▸ **Study material**:
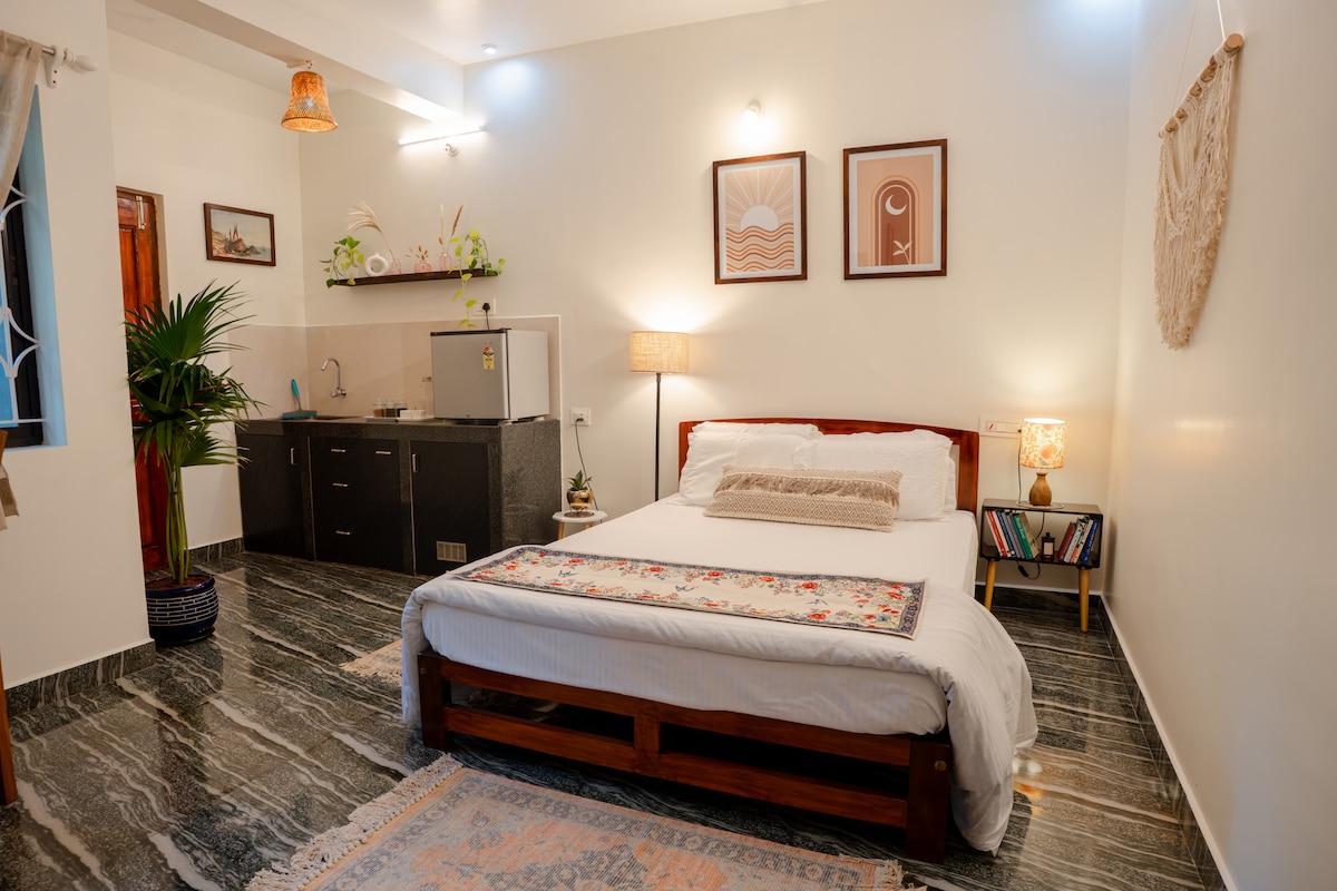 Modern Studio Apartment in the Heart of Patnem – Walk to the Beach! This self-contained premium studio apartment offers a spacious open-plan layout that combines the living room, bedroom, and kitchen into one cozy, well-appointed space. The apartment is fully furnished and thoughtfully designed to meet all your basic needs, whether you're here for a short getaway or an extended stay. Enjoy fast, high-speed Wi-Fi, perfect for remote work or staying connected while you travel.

==

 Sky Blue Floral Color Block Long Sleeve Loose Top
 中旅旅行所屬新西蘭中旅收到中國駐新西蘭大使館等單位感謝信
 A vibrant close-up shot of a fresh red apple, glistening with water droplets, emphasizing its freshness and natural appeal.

▸ **Task to carry out**: Copy out, exactly and alone, the lines of the entries above between the ones holding "Sky Blue Floral" and "A vibrant close-up", inclusive.

▸ **Answer**:
 Sky Blue Floral Color Block Long Sleeve Loose Top
 中旅旅行所屬新西蘭中旅收到中國駐新西蘭大使館等單位感謝信
 A vibrant close-up shot of a fresh red apple, glistening with water droplets, emphasizing its freshness and natural appeal.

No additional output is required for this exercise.